[Exercise requirements] Could you repeat the listing exactly, leaving out the pictures?

[Provided data]
++++++++
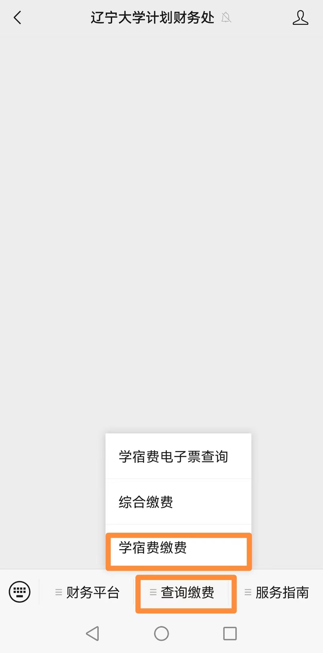 1.登錄微信,微信中搜索并關(guān)注“遼寧大學(xué)計劃財務(wù)處”微信公眾號,通過下方“查詢繳費(fèi)”,選擇“學(xué)宿費(fèi)繳費(fèi)”進(jìn)入“校園統(tǒng)一支付平臺”登錄界面。也可登錄網(wǎng)址http://xysf.lnu.edu.cn/xysf/直接進(jìn)入“校園統(tǒng)一支付平臺”登錄界面。
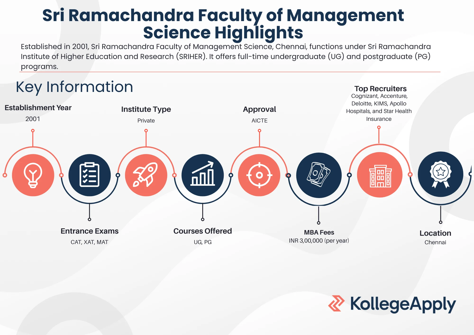Admissions are based on MAT, CMAT, XAT, CAT, ATMA, TANCET or SRIHER Management Aptitude Test scores, followed by a Group Discussion (GD) and Personal Interview (PI). The total fee for the MBA program is approximately INR 6,00,000 for two years. Sri Ramachandra Faculty of Management Science has maintained a strong placement record, with top recruiters including Cognizant, Accenture, Deloitte, KIMS, Apollo Hospitals, and Star Health Insurance.
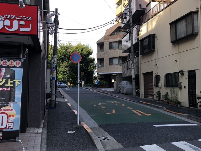 ② 1つ目の信号を過ぎ、次の路地を左へ曲がります。
++++++++
[Response to the task]
 1.登錄微信,微信中搜索并關(guān)注“遼寧大學(xué)計劃財務(wù)處”微信公眾號,通過下方“查詢繳費(fèi)”,選擇“學(xué)宿費(fèi)繳費(fèi)”進(jìn)入“校園統(tǒng)一支付平臺”登錄界面。也可登錄網(wǎng)址http://xysf.lnu.edu.cn/xysf/直接進(jìn)入“校園統(tǒng)一支付平臺”登錄界面。
Admissions are based on MAT, CMAT, XAT, CAT, ATMA, TANCET or SRIHER Management Aptitude Test scores, followed by a Group Discussion (GD) and Personal Interview (PI). The total fee for the MBA program is approximately INR 6,00,000 for two years. Sri Ramachandra Faculty of Management Science has maintained a strong placement record, with top recruiters including Cognizant, Accenture, Deloitte, KIMS, Apollo Hospitals, and Star Health Insurance.
 ② 1つ目の信号を過ぎ、次の路地を左へ曲がります。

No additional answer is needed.